TRUSTe certified Electronic Art's customer support site vulnerable to XSS

Tuesday, 3 June 2008

Millions of EA gamers across the world are susceptible to security and privacy threats due to a critical XSS vulnerability.

It can be exploited by malicious people to steal your sensitive personal info (such us authentication credentials and credit card numbers) and to infect your PC with malware, spyware and adware.

Quoting from the EA Online Privacy Policy Page:
"EA and its subsidiary companies respect the privacy rights of our online visitors and recognize the importance of protecting the information collected about you."

They should really change it to something like this:
"EA and its subsidiary companies do not respect the privacy rights of our online visitors and do not recognize the importance of protecting the information collected about you by malicious people who exploit a cross-site scripting vulnerability on our website. Therefore, your privacy is not certified by TRUSTe. The TRUSTe seal is just a deception, but please do not ignore it, is there to build your trust and confidence when using EA websites."

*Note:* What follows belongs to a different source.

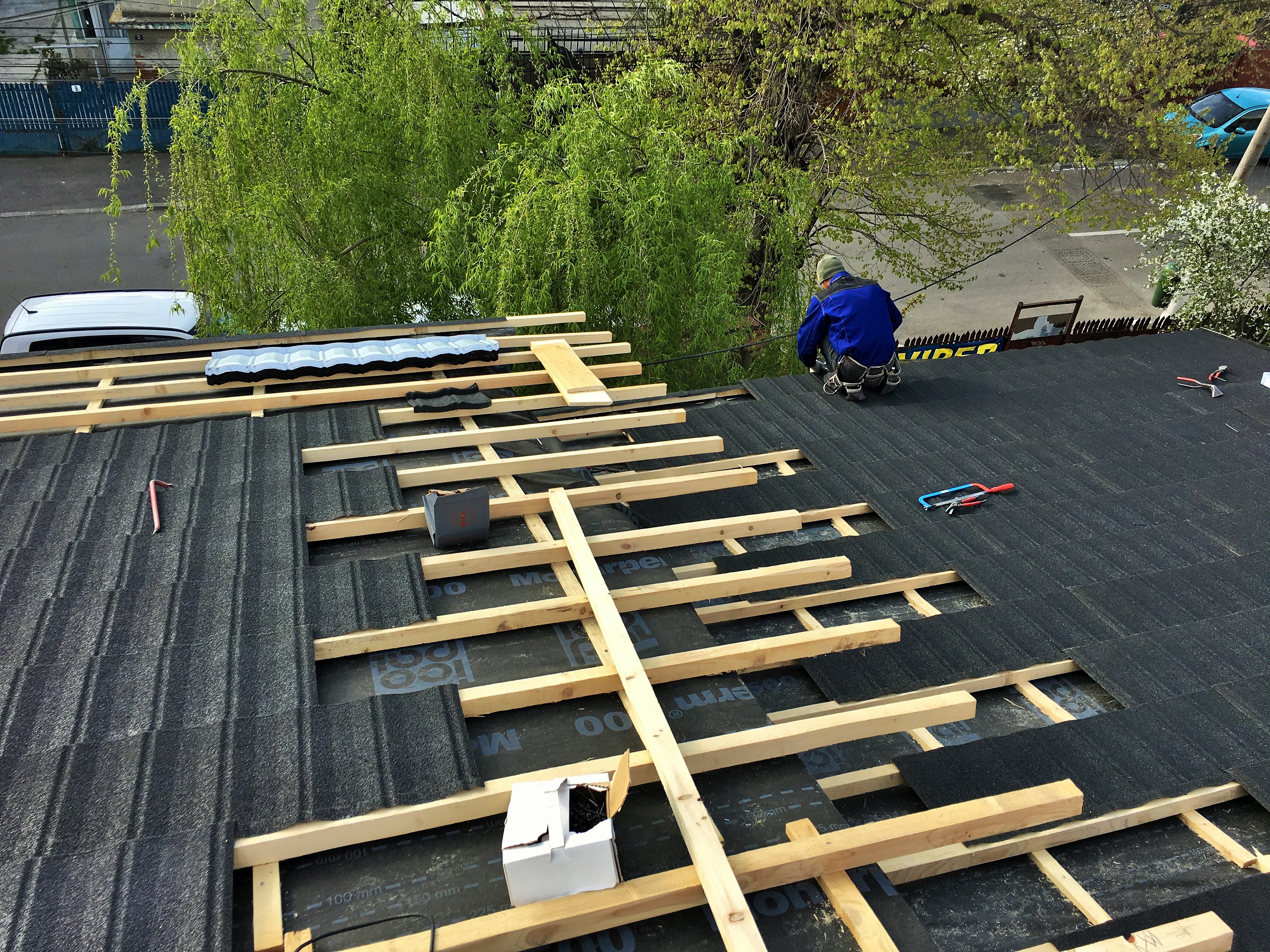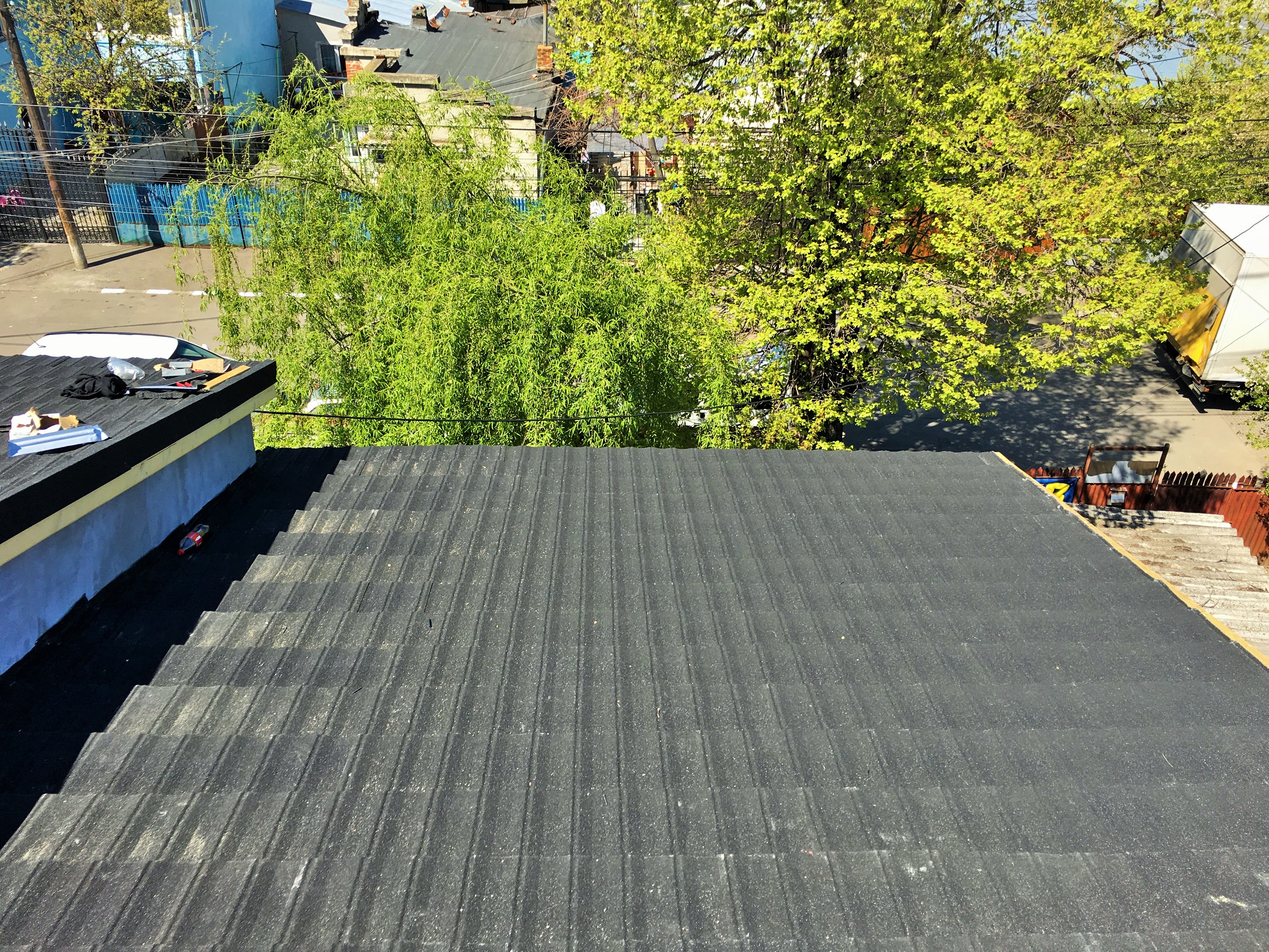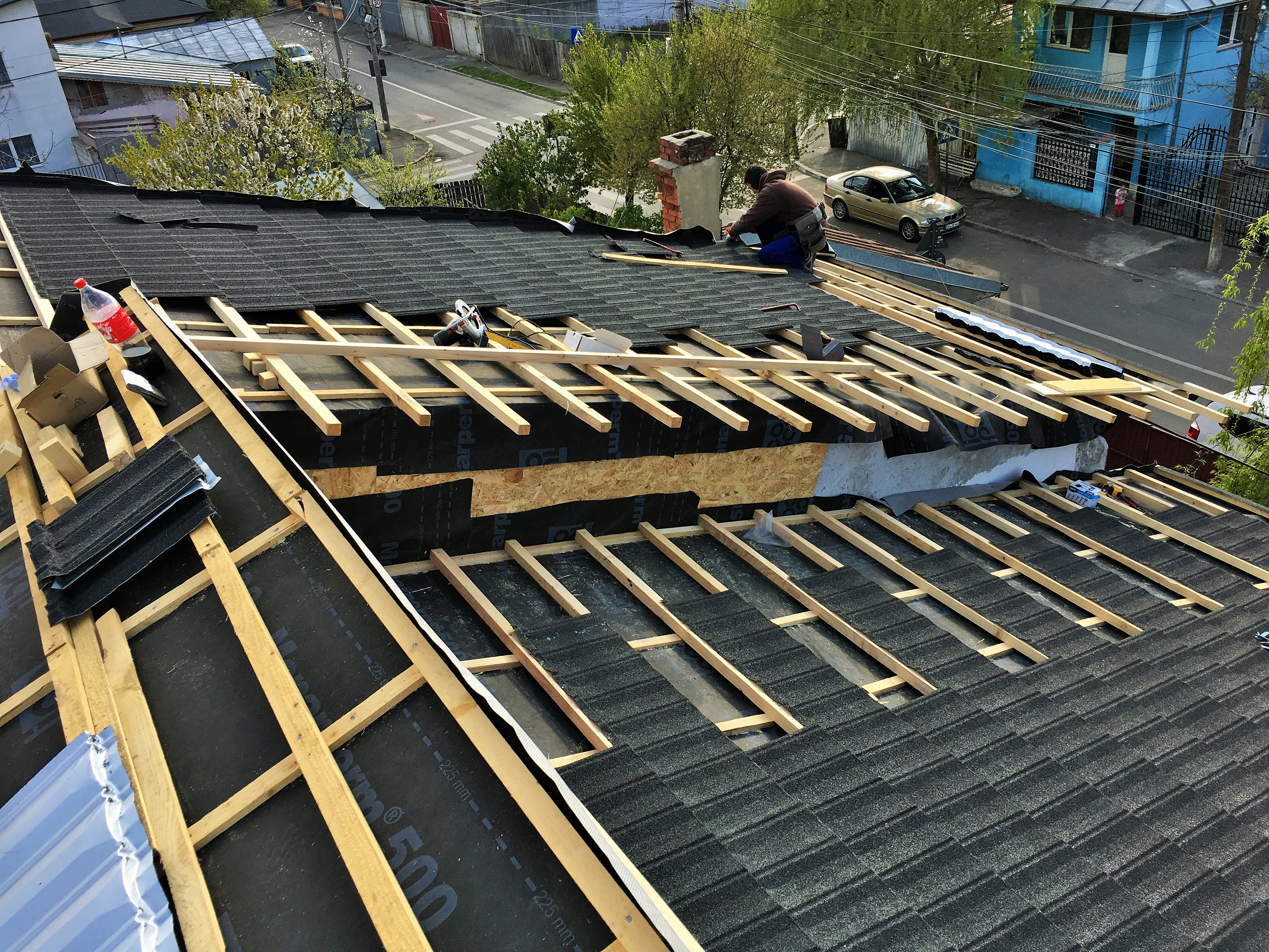 Pentru lucrarile de reparatii necesare, acest acoperis a fost desfacut pe portiuni, astfel incat sa nu fim luati prin surprindere de vreme in timpul lucrarilor. Portiunile desfacute intr-o zi au fost protejate pana seara cu folia anticondens, astfel incat sa minimalizam riscul de degradare.

XSS on EA's TRUSTe certified customer support login page:

http://customersupport.ea.com/loginapp/login.do?curl=
"><script>alert(/XSS/)</script>  

Mirror:
http://www.xssed.com/mirror/40862/

Many XSS vulns on *.ea.com are still active and mirrored for over a year...

By ignorance we mistake, and by mistake we learn.  Stop ignoring and underestimating such issues, and avoid mistakes in the future that will  negatively affect your image.

TRUSTe.org is also still vulnerable:

http://www.truste.org/cgi-htdig/htsearch?sort=%3Cbody%20onload=%22alert('XSS')%22

Mirror:
http://www.xssed.com/mirror/39271/

Credits for the discovery of these issues go to Shocker -at- ShockingSoft.com, C1c4Tr1Z, mox, koolkeith12345, The Milk Man, x2Fusion, Arham Muhammad and Harry Sintonen.